*** Records ***
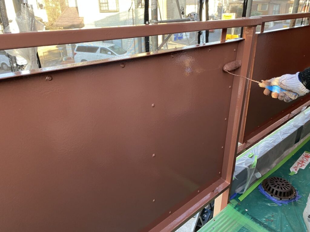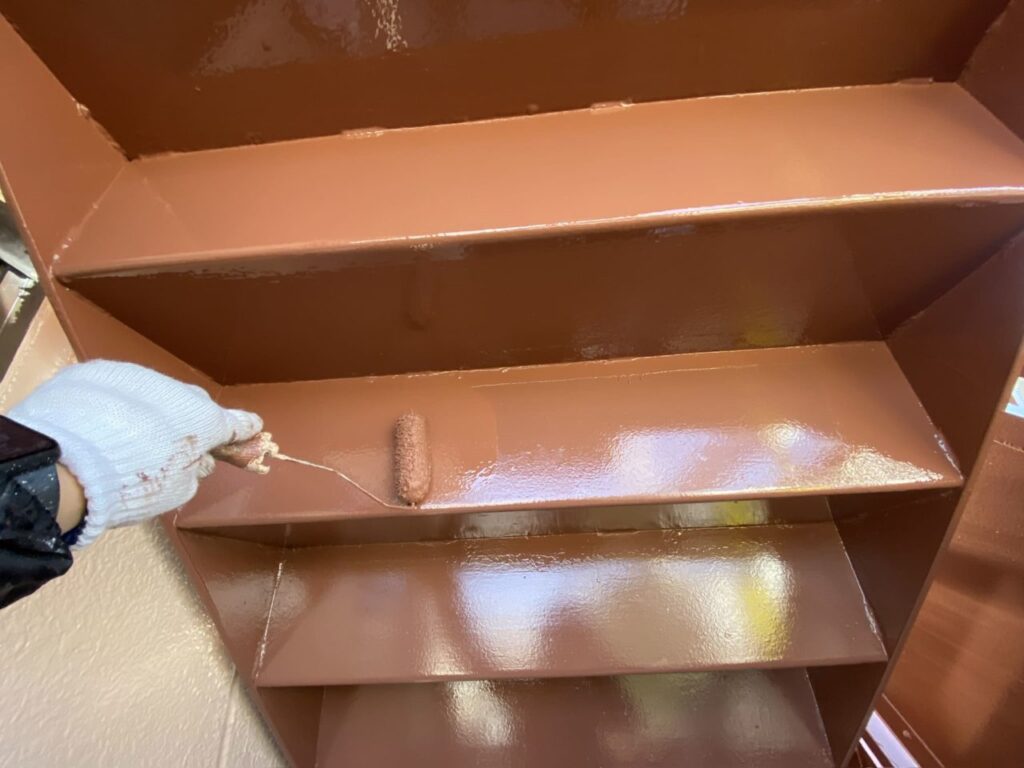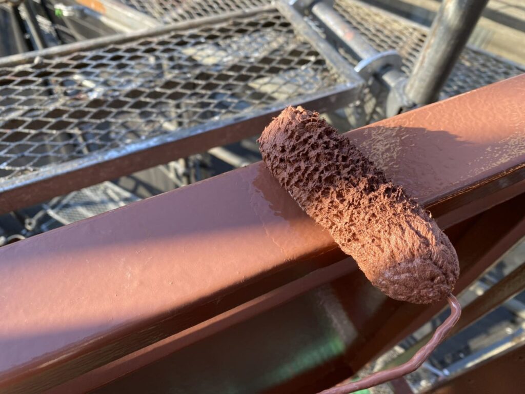 今日の作業は鉄骨階段など鉄部の上塗りを行いました!
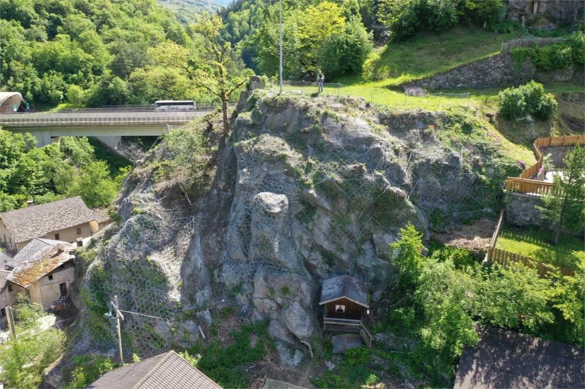 Waidbruck hat die Zone 006 des Gefahrenzonenplans auf der Höhe der Kirchgasse oberhalb der Autobahnbrücke Gröden nach hydrologischen Gefahren überprüfen lassen. Grundlage der Studie sind drei Simulationen der Wirksamkeit von 15 bereits umgesetzten Schutzmaßnahmen. Dazu zählen Felssicherungen mit metallverankerten Drahtseilen, Gitternetze und verschiedene andere Schutzbauten. Das Ergebnis der Studie ermöglichte die Neuklassifizierung der untersuchten Zone, die von der zuständigen Dienststellenkonferenz positiv bewertet wurde: Die Schutzmaßnahmen sichern das Gebiet ausreichend vor den einigermaßen hohen hydrologischen Gefahren. Der Großteil der untersuchten Fläche kann somit auf die Gefährdungsstufe H2 reduziert werden. Auf H3 bleibt weniger als ein Drittel dieser Zone eingestuft.
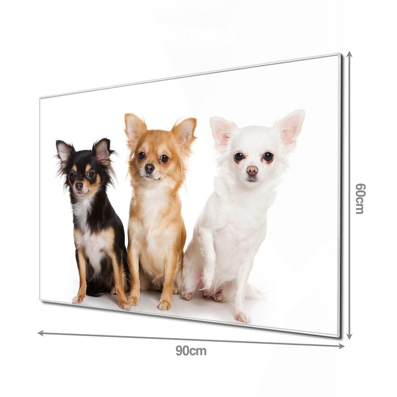 Material: 4mm Sicherheitsglas mit Metallrückwand Eigenschaften: beschreibbar, magnetisch, kratzfest Maße: 90x60x0,6cm, 8,10kg schwer Motiv Nummer 10005 Chihuahua Zubehör: inklusive 4 Neodym-Magnete
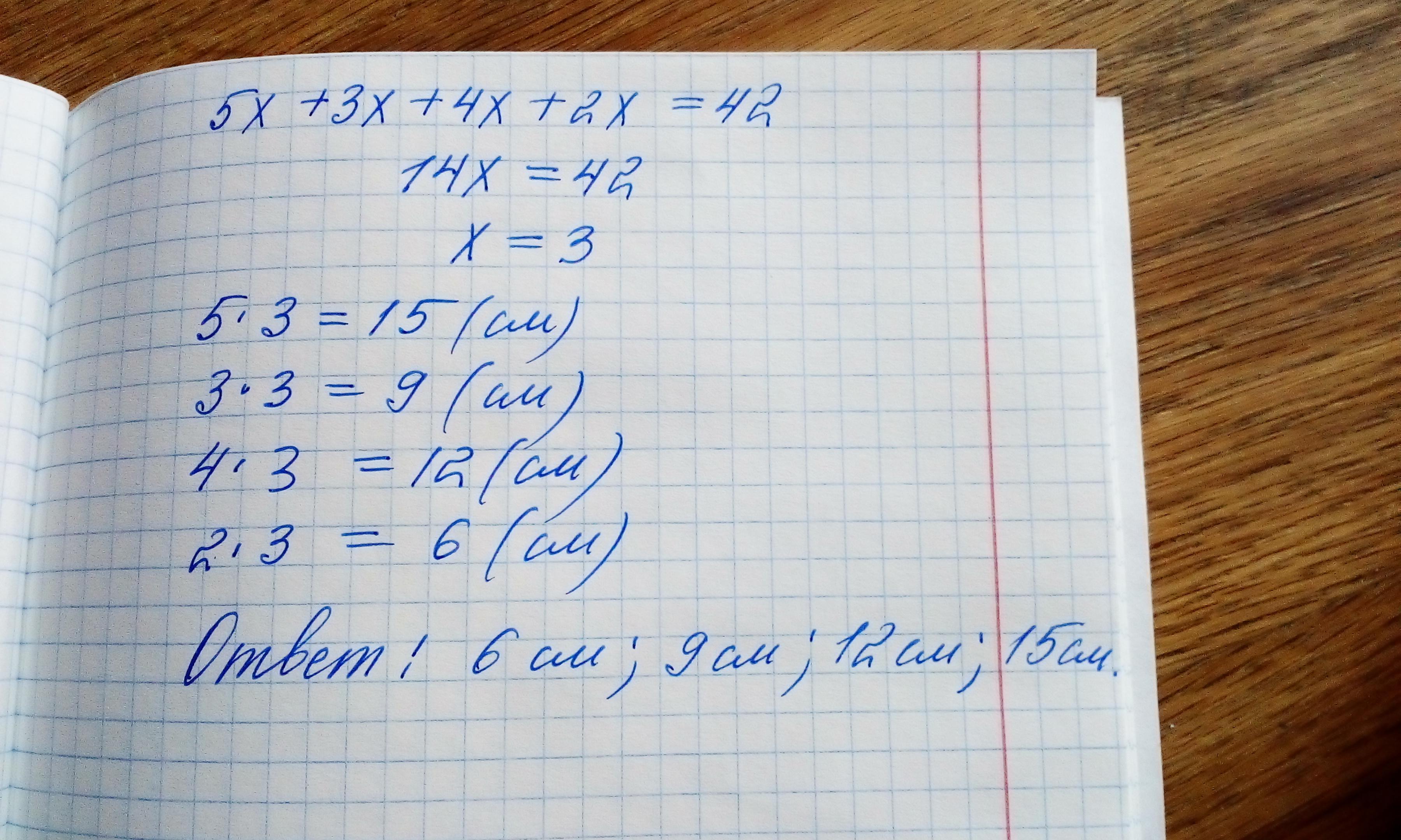 14х=42; х=3, итак, 5·3=15(см),3·3=9(см),4·3=12(см),2·3=6(см)--стороны трапеции
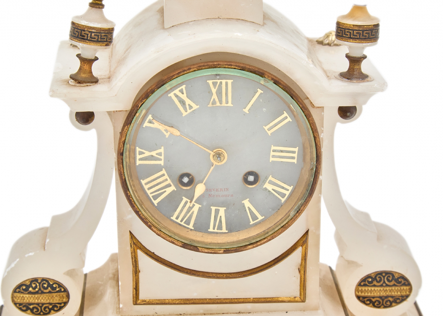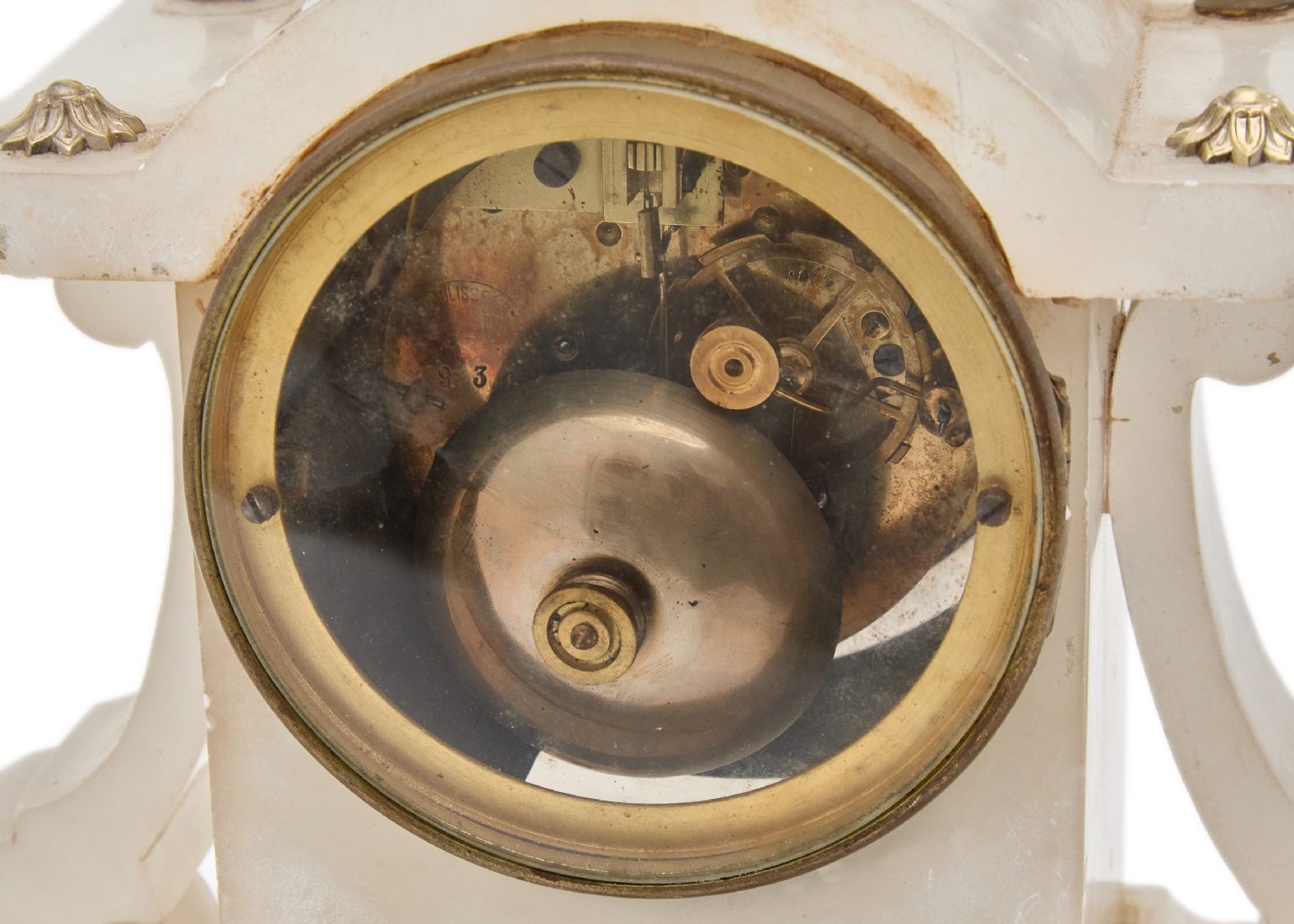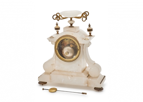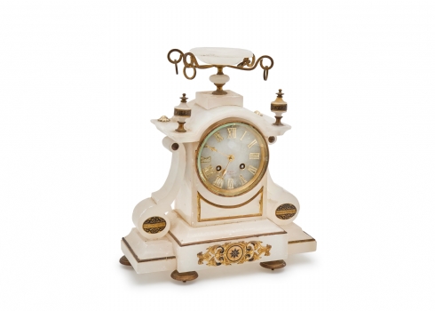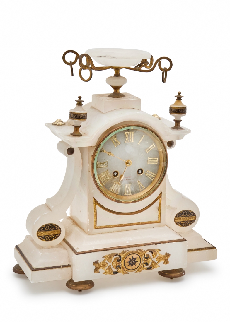 שעון בסגנון עתיק עשוי אלבסטר והתקני מתכת מוזהבים
*** End of Records ***
# [Task goal]
Set down all of the entries precisely and keep the pictures out of the copy.

# [Solution]
 今日の作業は鉄骨階段など鉄部の上塗りを行いました!
 Waidbruck hat die Zone 006 des Gefahrenzonenplans auf der Höhe der Kirchgasse oberhalb der Autobahnbrücke Gröden nach hydrologischen Gefahren überprüfen lassen. Grundlage der Studie sind drei Simulationen der Wirksamkeit von 15 bereits umgesetzten Schutzmaßnahmen. Dazu zählen Felssicherungen mit metallverankerten Drahtseilen, Gitternetze und verschiedene andere Schutzbauten. Das Ergebnis der Studie ermöglichte die Neuklassifizierung der untersuchten Zone, die von der zuständigen Dienststellenkonferenz positiv bewertet wurde: Die Schutzmaßnahmen sichern das Gebiet ausreichend vor den einigermaßen hohen hydrologischen Gefahren. Der Großteil der untersuchten Fläche kann somit auf die Gefährdungsstufe H2 reduziert werden. Auf H3 bleibt weniger als ein Drittel dieser Zone eingestuft.
 Material: 4mm Sicherheitsglas mit Metallrückwand Eigenschaften: beschreibbar, magnetisch, kratzfest Maße: 90x60x0,6cm, 8,10kg schwer Motiv Nummer 10005 Chihuahua Zubehör: inklusive 4 Neodym-Magnete
 14х=42; х=3, итак, 5·3=15(см),3·3=9(см),4·3=12(см),2·3=6(см)--стороны трапеции
 שעון בסגנון עתיק עשוי אלבסטר והתקני מתכת מוזהבים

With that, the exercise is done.